The staff of the Committee on Open Government is authorized to issue advisory opinions. The ensuing staff advisory opinion is based solely upon the facts presented in your correspondence.


We are in receipt of your December 21, 2005 request for an advisory opinion concerning the application of the Freedom of Information Law to requests for records relating to your child and other students, made to the Marcellus School District. Your request, for copies of correspondence between one group of parents and District was denied, despite your joint request with parents of all but one of the students involved. We are in agreement with the District’s denial of your request and offer the following comments in that regard.

By way of background, as a general matter, the Freedom of Information Law is based upon a presumption of access. Stated differently, all records of an agency are available, except to the extent that records or portions thereof fall within one or more grounds for denial appearing in §87(2)(a) through (i) of the Law.

Relevant is the first ground for denial, §87(2)(a), which pertains to records that "are specifically exempted from disclosure by state or federal statute." One such statute is the federal Family Educational Rights and Privacy Act ("FERPA", 20 USC §1232g). The focal point of FERPA is the protection of privacy of students. It provides, in general, that any "education record", a term that is broadly defined, that is personally identifiable to a particular student or students is confidential, unless the parents of students under the age of eighteen waive the right to confidentiality, or unless a student eighteen years or over similarly waives his or her right to confidentiality. The regulations promulgated under FERPA define the phrase "personally identifiable information" to include:

"(a)The student's name;
(b)The name of the student's parents or other family
(c)The address of the student or student's family;
(d)A personal identifier, such as the student's social security number or student number;
(e)A list of personal characteristics that would make the student's identity easily traceable; or
(f)Other information that would make the student's identity easily traceable" (34 CFR § 99.3).

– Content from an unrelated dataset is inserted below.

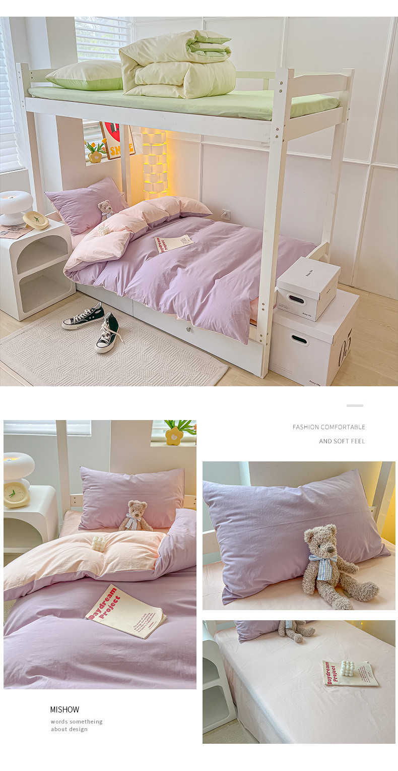 当前位置: 91家纺网 > 商品网购 > 床品套件 > 四件套 > 水洗棉四件套 > 盼季 2023新款无印风格子纯色水洗棉四件套 奶粉泡泡紫

Based upon the foregoing, references to students' names, parents’ names, or other aspects of records that would make a student's identity easily traceable must in our view be withheld in order to comply with federal law unless, in the context of the facts presented, the parents of all the identifiable students waive confidentiality.

Consequently, insofar as the records you describe are communications between parents and the District that would identify a student other than those of parents who have signed on to your joint request, it is our opinion that the District must withhold the records.
We hope this helps to clarify your understanding of the matter.